• GOAL OF THE EXERCISE
In the data below, find the line containing "Vintage Royal Sealy" and the line containing "현제 공주의 하천변 상황을", then reproduce them and every line between, exactly. Omit pictures.

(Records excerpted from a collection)
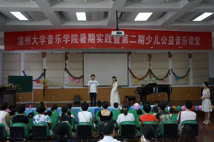 展演结束后,实践队成员们给小演员们分发了礼品。最后小朋友们与老师们以及校领导合影留恋,大家的欢声笑语响彻了音乐报告厅,本次暑期社会实践也到此圆满落幕。
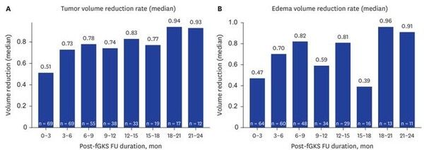 그 결과 종양 10개 중 8개는 부피가 절반 이상으로 감소했고, 종양의 부피가 최대로 줄어드는 데 걸린 시간은 중앙값 3.3개월이었다. 종양 및 부종의 부피는 치료 후 6~9개월까지 지속적으로 감소해 약 80% 줄어들었다. 이어서 18개월까지 일시적인 부피 변동이 있었지만, 18개월부터는 안정적으로 유지됐다. 이 결과는 분획 감마나이프 방사선 수술이 종양 뿐 아니라 주변 부종까지 줄여 신경학적 증상을 완화할 수 있음을 시사한다. 실제로 전체 환자의 87.1%는 수술 후 6개월 이내에 신경학적 증상이 안정 또는 개선됐다.
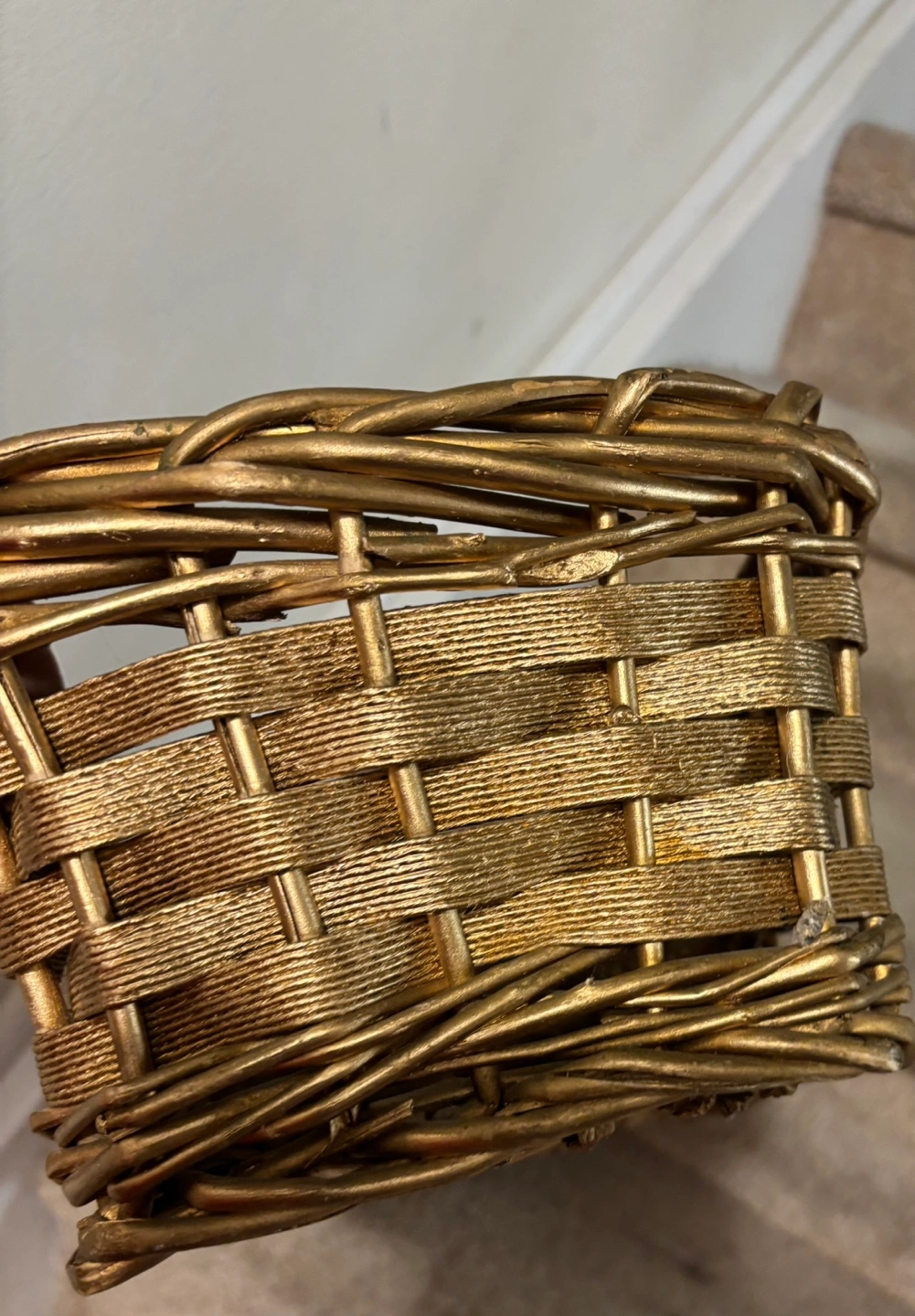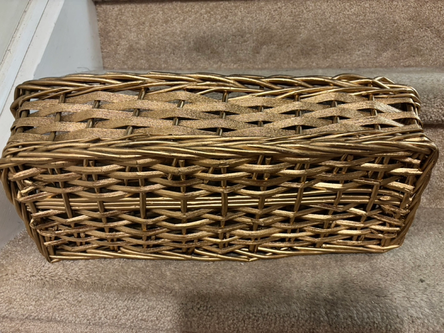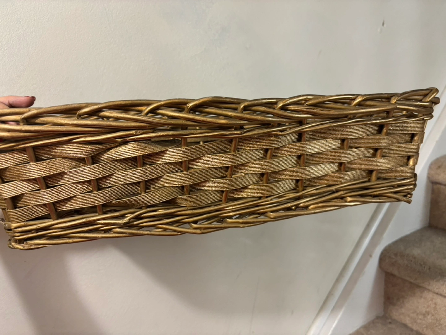 Gold wicker basket. Great for storage or display or gift Size 20”x9”x5” Pickup in Mississauga
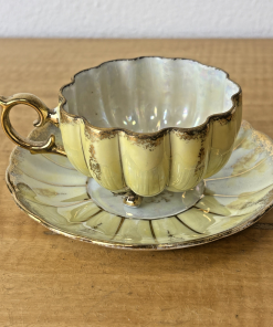 Vintage Royal Sealy China Green & Gold Footed Tea Cup & Saucer Japan Iridescent
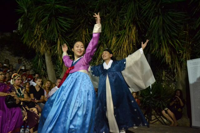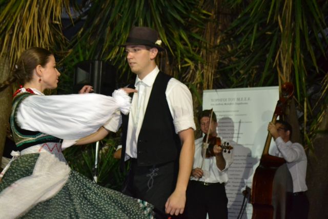 Μετά την επίσημη υποδοχή και την γνωριμία των αποστολών, ακολούθησε δείπνο στην πλατεία της Ανω Πόλης - και φυσικά δεν άργησαν ν' αρχίσουν οι χοροί, σε μια όμορφη βραδιά.
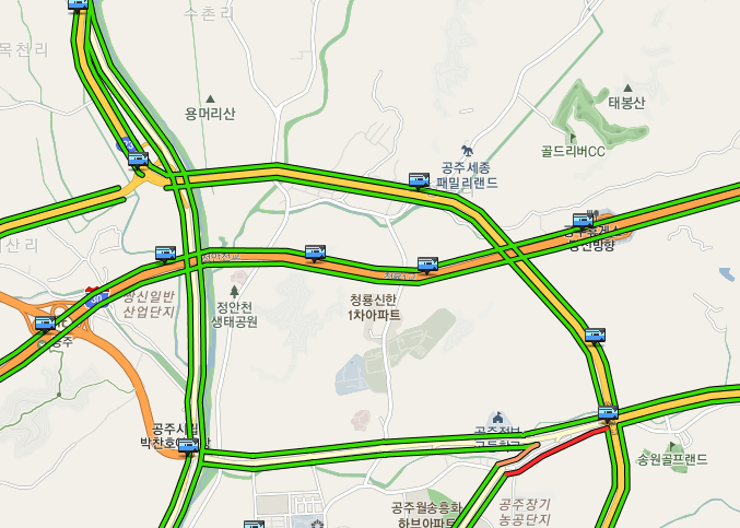 현제 공주의 하천변 상황을 보기 위해서 교통 cctv로 도로와 하천변을 보고 있습니다.
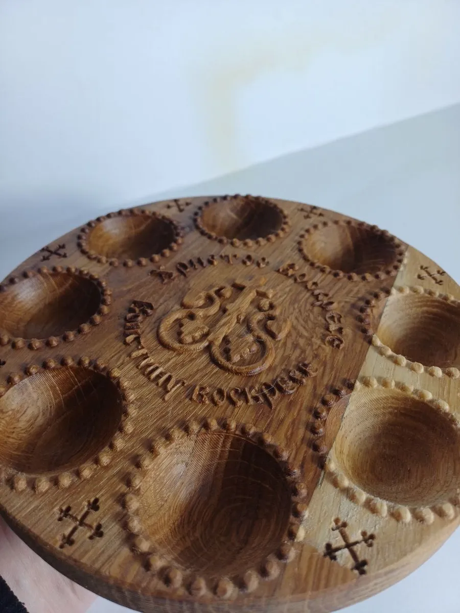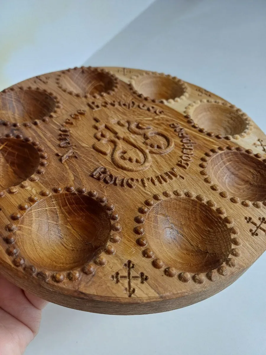 Представьте себе праздничный стол, украшенный этой очаровательной Освященной Тарелкой пасхальной для яиц. Она станет настоящим украшением вашего праздника, наполняя дом атмосферой тепла и уюта. Выполненная из натурального дерева, тарелка поражает своей изысканной резьбой, которая придает ей неповторимый шарм. Ее бежевый цвет гармонично впишется в любой интерьер, создавая атмосферу весеннего праздника. На этой тарелке ваши пасхальные яйца будут выглядеть особенно нарядно, а сам стол приобретет особый, праздничный вид.
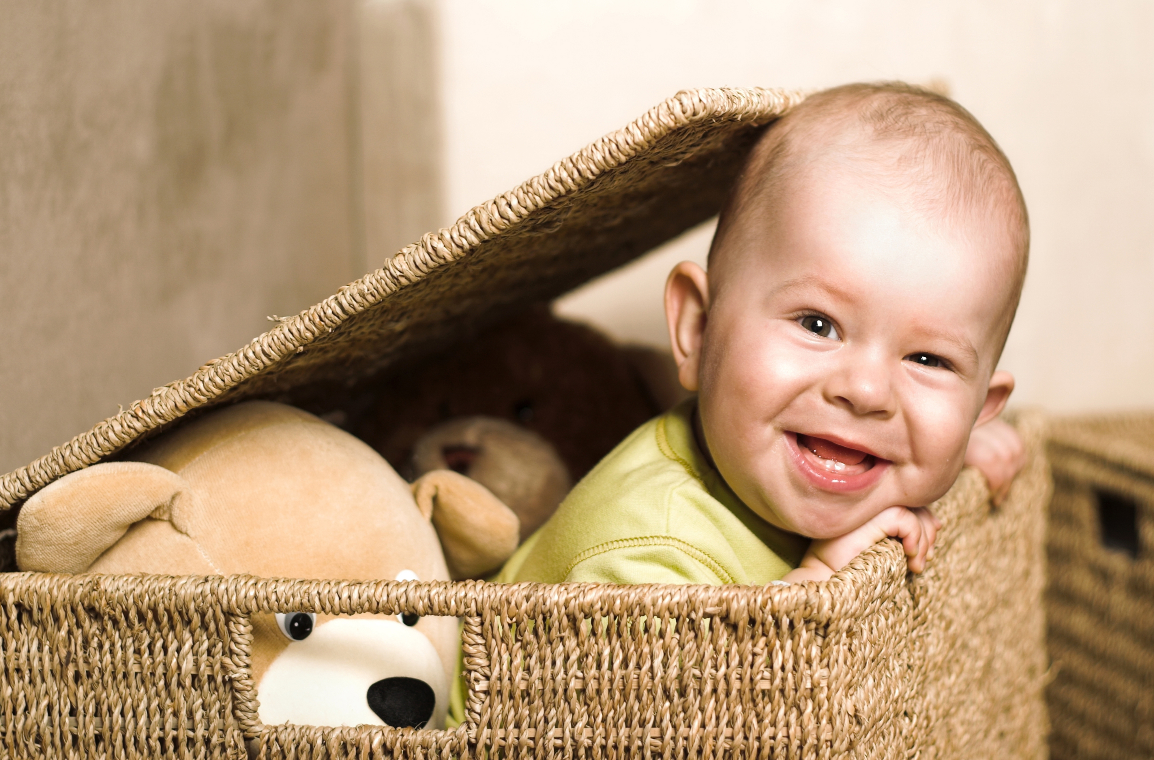 Wallpaper Little smiling child sitting in a basket with toys

• WRITTEN SOLUTION
 Vintage Royal Sealy China Green & Gold Footed Tea Cup & Saucer Japan Iridescent
 Μετά την επίσημη υποδοχή και την γνωριμία των αποστολών, ακολούθησε δείπνο στην πλατεία της Ανω Πόλης - και φυσικά δεν άργησαν ν' αρχίσουν οι χοροί, σε μια όμορφη βραδιά.
 현제 공주의 하천변 상황을 보기 위해서 교통 cctv로 도로와 하천변을 보고 있습니다.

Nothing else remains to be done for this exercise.